Nice flavor, as with most of Kubrick’s work. Kubrick’s style is very interesting and very apparent when you compare The Shining with 2001: A Space Odyssey and A Clockwork Orange. Formally, he uses extreme, bright, ultra-saturated contrasting colors or many similar drab colors. He also uses almost perfectly symmetrical square and rectangular buildings, furniture, and structures. Kubrick likes to convey spaciousness in room and outdoor POV and establishing shots, a neat way of suggesting isolation. His sets look remarkably sterile. Kubrick also uses unrealistically smooth motions (sometimes in slow-motion), whether it’s a person staring or moving or a door opening. Often, these motions are made in silence, making them even stranger. Odd camera angles really work for Kubrick, especially in The Shining. The Steadi-Cam following a character is another of Kubrick’s favorite toys. With his films, Kubrick likes to lead us into the unknown with the potential of danger, and he likes using orchestral noise and/or a choir holding a note for the duration of key scenes. Kubrick also likes to use title graphics to change the time/place of a story using a plain typeface on a black screen, a method which seems to “pause” the movie. Kubrick’s stories are generally slow-moving (which isn’t necessarily a bad thing) and use relatively few temporal cuts.
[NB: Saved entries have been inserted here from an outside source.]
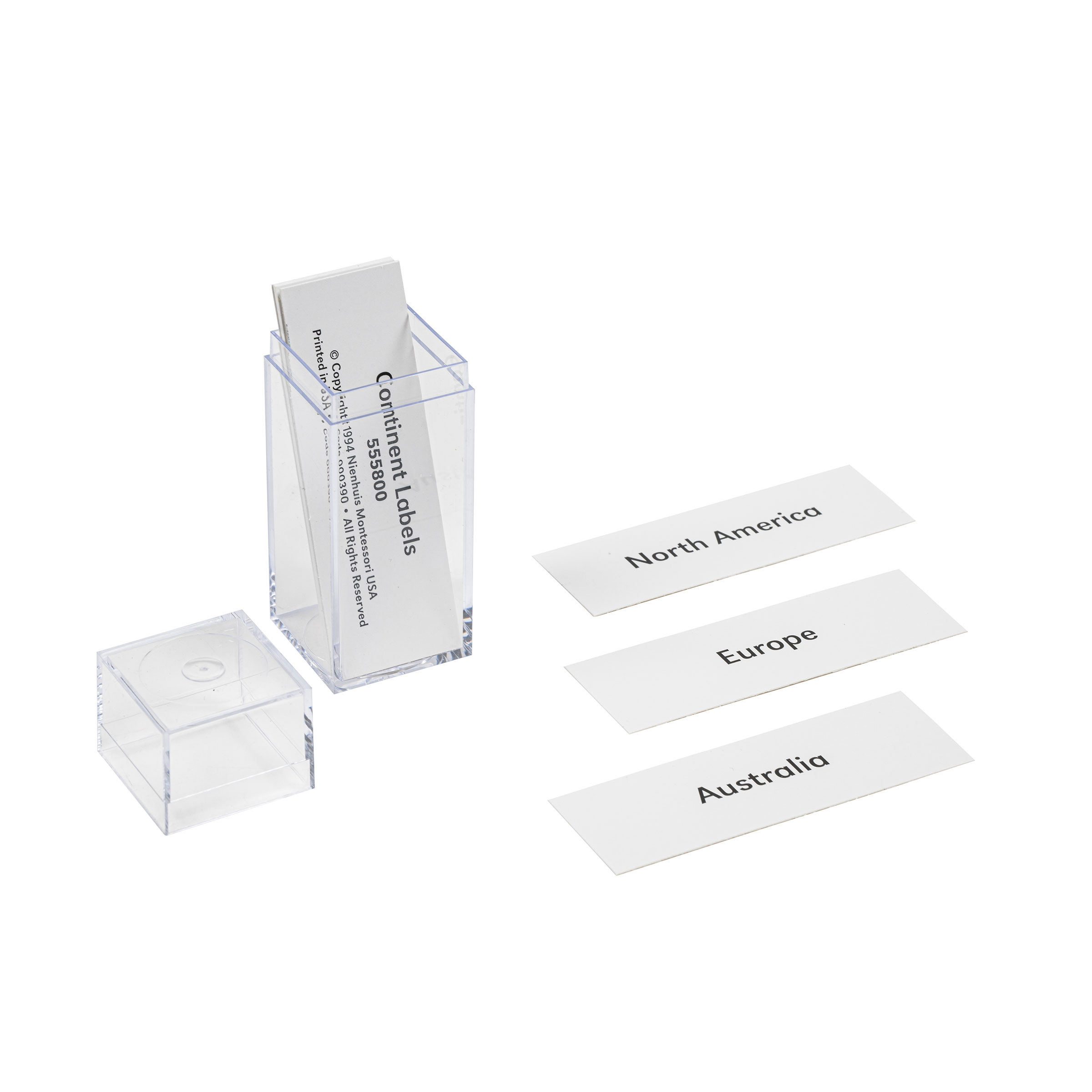 Essential geography material featuring clear, readable continent name labels stored in a practical transparent acrylic box with removable lid. These labels support the child's work with puzzle maps and continent studies, helping to reinforce geographical vocabulary and spatial understanding. The durable storage solution ensures labels remain organized and accessible for repeated use in the Montessori geography curriculum.
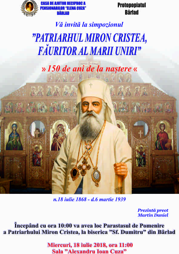 Miercuri, 18 iulie 2018, începând cu ora 10.00 va avea loc Slujba de Pomenire a Patriarhului Miron Cristea la Biserica Sf. Dumitru, Bârlad. De la ora 11.00, în sala Al. I. Cuza a C.A.R.P. Elena Cuza din Bârlad va avea loc simpozionul Patriarhul Miron Cristea, Făuritor al Marii Uniri.
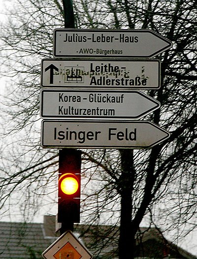 에센市 대로변 도로표지판에 새로 새겨진 재독 한인글뤽아우프 회관 겸 한국문화회관 안내문.

One of the better horror films out there. Kubrick’s got a knack for it. 2001: A Space Odyssey is almost a horror just because of the way it’s made. One of the things that helps separate The Shining from your cheesy horror film is that it has a real story that takes time to develop. It doesn’t rush into the blood and guts like too many films do today. The schizo kid and Dad are good examples of Doppleganger, a basic tenet of horror (yes Casper, I was taking notes). Thematically, Kubrick’s films are all about a breakdown in communication.
Most films leave the question of whether or not the house is really haunted ambiguous, but in this one, it undoubtedly is (how’d he get out of the food locker?). Then again, the cool twist at the end suggests that the whole story is in this man’s head. So we don’t really know if the house is really haunted or if it’s even there. Kubrick presents the psychic as good, the psychotic as bad. Interestingly, a lot of fairy tale references. The “redrum”/dagger scene is patterned after Psycho, even using the same music. That blood-out-of-the-elevators shot was kinda cool.
The acting is pretty shitty overall. Nicholson is pretty good as the psychotic (and even pretty funny at times), but as a normal guy, he seems pretty stale. Duvall is kind of ugly (which I suppose may have been good for the part), but her acting was unacceptably atrocious. It would have been better if Kubrick casted a decent-looking woman with the ability to portray realistic human emotions. That way, as the only sane person in the film, there would have been a good contrast between her and the others, showing us and emphasizing how truly fucked up the kid and Dad really are.